I've seen similar issues with Unbound, BIND 9 and other DNS resolver on Linux, BSD and other Unix systems.
Part of the problem can be the memory allocator used in the OS or in the application. With many small allocations that are typical for a DNS resolver, the memory fragments fast.
I usually plan at least 50%, sometimes 100% or 200% the amount of memory as configured in the DNS resolver application. That is if the resolver is configured with 1 GB of cache memory, I've made sure there is at least 1.5-3 GB of physical memory reserved to account for memory fragmentation.
Testing out other (better for small memory allocations) memory allocators might help.
ISC is now recommending "jemalloc" (https://jemalloc.net/) for BIND 9.
I've heard good things about "mimalloc" (https://github.com/microsoft/mimalloc), but never had the chance to test it on a really busy DNS resolver.
I did a webinar in 2022 for ISC on the topic (Slide 4.10ff):
https://www.isc.org/docs/2022-webinar-bind-memory-management.pdf
Measuring the "working set" is important (see Slide 5.12ff).
Other interesting resources on memory allocators:
https://blog.reverberate.org/2009/02/one-malloc-to-rule-them-all.html
https://web.archive.org/web/20110607183215/http://blog.pavlov.net/2007/11/21/malloc-replacements/
http://hoard.org/
The books from Brandon Gregg are excellent, but mostly Linux centric these days (1st edition was also about Solaris):
Systems Performance: Enterprise and the Cloud, 2nd Edition (2020)
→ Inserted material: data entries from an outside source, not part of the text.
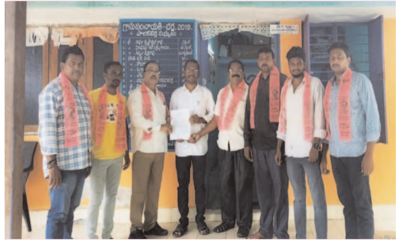
ప్రజా గొంతుకు స్వాస్ ప్రతినిధి/ భద్రాద్రి కొత్తగూడెం జిల్లా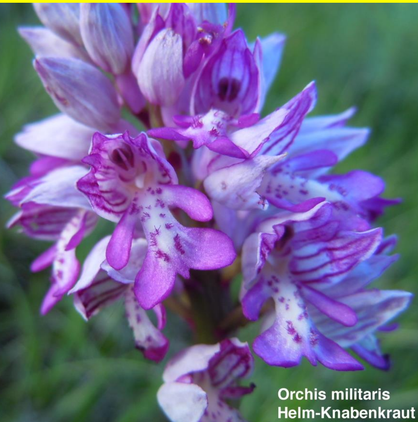
Orchis militaris Helm-Knabenkraut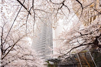
<高層ビルと桜のコラボレーション>

アークヒルズの敷地を取り囲む三方の道路（桜坂～スペイン坂）には150本の桜の木が根を張り、約700mにおよぶ並木道が続いています。これらは1986年の開業時に植樹され、40年近く経った今も力強く咲き誇り、都会の真ん中・アークヒルズエリアを桜色に染め上げます。また、泉ガーデン（運営：住友不動産株式会社）とその周辺の桜並木を合わせた距離は約1kmにも。道中に登場する都会では珍しい“桜トンネル”では、桜の世界に吸い込まれるような幻想的な雰囲気も体感いただけます。その他、高層ビルと桜がコラボレーションした都心ならではの風景や、ブリッジから臨む、目線の高さに咲き誇る満開の桜など、桜の様々な表情もお楽しみいただけます。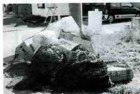
▲各家庭から排出されるごみはわずかでも、まち全体では膨大な量になる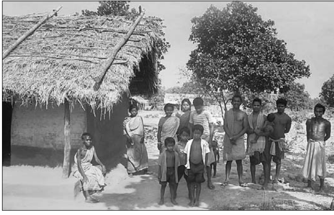
ଅଙ୍ଗନୂଆଡ଼ି ଶିଶୁଙ୍କ ସହ ଗ୍ରାମବାସୀ।

ଆଦିବାସୀ ବହୁଳ ଚେଳକୋଇ ଅଞ୍ଚଳରେ ଶିଶୁ ପ୍ରକଳ୍ପ ବିଭାଗ ପକ୍ଷରୁ ଚାଲିଥିବା ଅଙ୍ଗନୂଆଡ଼ି କେନ୍ଦ୍ରର ଭିତ୍ତିଭୂମି ସହ ନିକଟ ଗୃହ ନ ଥିବାରୁ ଛାତ୍ରାଛାତ୍ରୀ ହଇଜା ହେଉଛି। ଅଧିକାଂଶ କେନ୍ଦ୍ର ଗ୍ରାମ ପାଖ, କୁଚ ଗୃହ, ବିଦ୍ୟାଳୟ ଓ କଳାଳୟ ପୂରଣା ଗୃହରେ ପାଠପଢ଼ା ଚାଲିଛି। ଉକ୍ତ ଅଞ୍ଚଳ ଥିବା ୧୮୫ ଅଙ୍ଗନୂଆଡ଼ି କେନ୍ଦ୍ର, ୪୬ ମିନି ଅଙ୍ଗନୂଆଡ଼ି କେନ୍ଦ୍ରରେ ସମସ୍ୟା ଦେଖା ଦେଇଛି। ସମସ୍ତ କେନ୍ଦ୍ର ଅଧୀନରେ ୧୦ ହଜାରରୁ ଊର୍ଦ୍ଧ୍ୱ ଶିଶୁ ରହିଛନ୍ତି। ୨ ହଜାରରୁ ଊର୍ଦ୍ଧ୍ୱ ଗର୍ଭବତୀ ମହିଳା ପୁଷ୍ଟିକର ଖାଦ୍ୟ ଓ ଔଷଧ ପାଇବାକୁ ବଞ୍ଚିତ ହୋଇଥିବା ଅଭିଯୋଗ କରାଯାଇଛି। ବିଭାଗ ପକ୍ଷରୁ ନିକଟ ଗୃହ କରାଯାଇ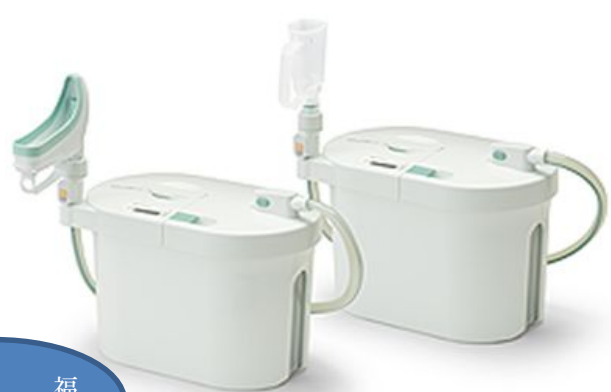
自動採尿器 スカットクリーン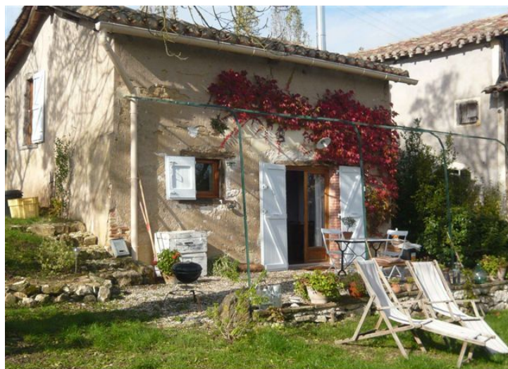
mmobilier.fr Tarn nord Tarn sud * ag3-immobilier.fr Tarn nord Tarn sud * ag3-immobilier.fr Tarn nord Tan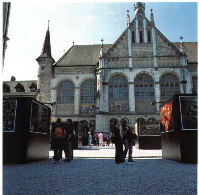
Abb. 5 Der Hof kann auch für Sonderausstellung genutzt werden, wie etwa im Sommer 2001 die Fotoausstellung von Yann Arthus-Bertrand «Die Erde von oben». Im Hintergrund die Ruhmeshalle.

Zur Zeit ist die Nachfrage nach Veranstaltungsmöglichkeiten, Raumvermietungen und Hofnutzungen (Abb. 5) um ein Mehrfaches höher als mit den vorhandenen räumli-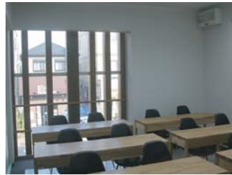
木のぬくもりあふれる教室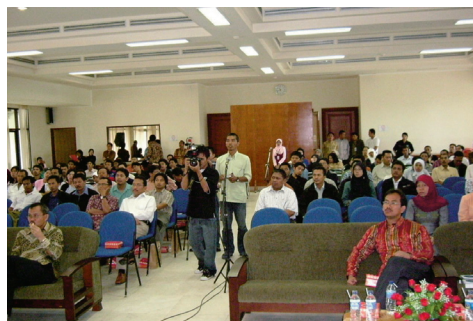
Foto peserta seminar Linux di Bontang.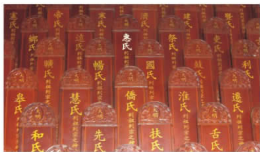
山西省洪洞县大槐树祭祖堂内姓氏神位

https://www.brendangregg.com/systems-performance-2nd-edition-book.html
While I run my own little DNS servers on NetBSD and OpenBSD, all my experience with large ISP resolver are on Linux.
When I was operating a farm of DNS resolver for an cable ISP in Germany for > 1M subscriber, we've configured the DNS resolver cache to be around 1G. At that point of time (5 years ago) that was the sweet spot for cache size. Larger caches did not help with the query performance or DNS resolver load, as most records cached were only queries once and never again from the cache. Your customer base might vary, but a large cache is not always the optimal configuration.
If you need help compiling Unbound or BIND 9 with a custom allocator for/on NetBSD, let me know.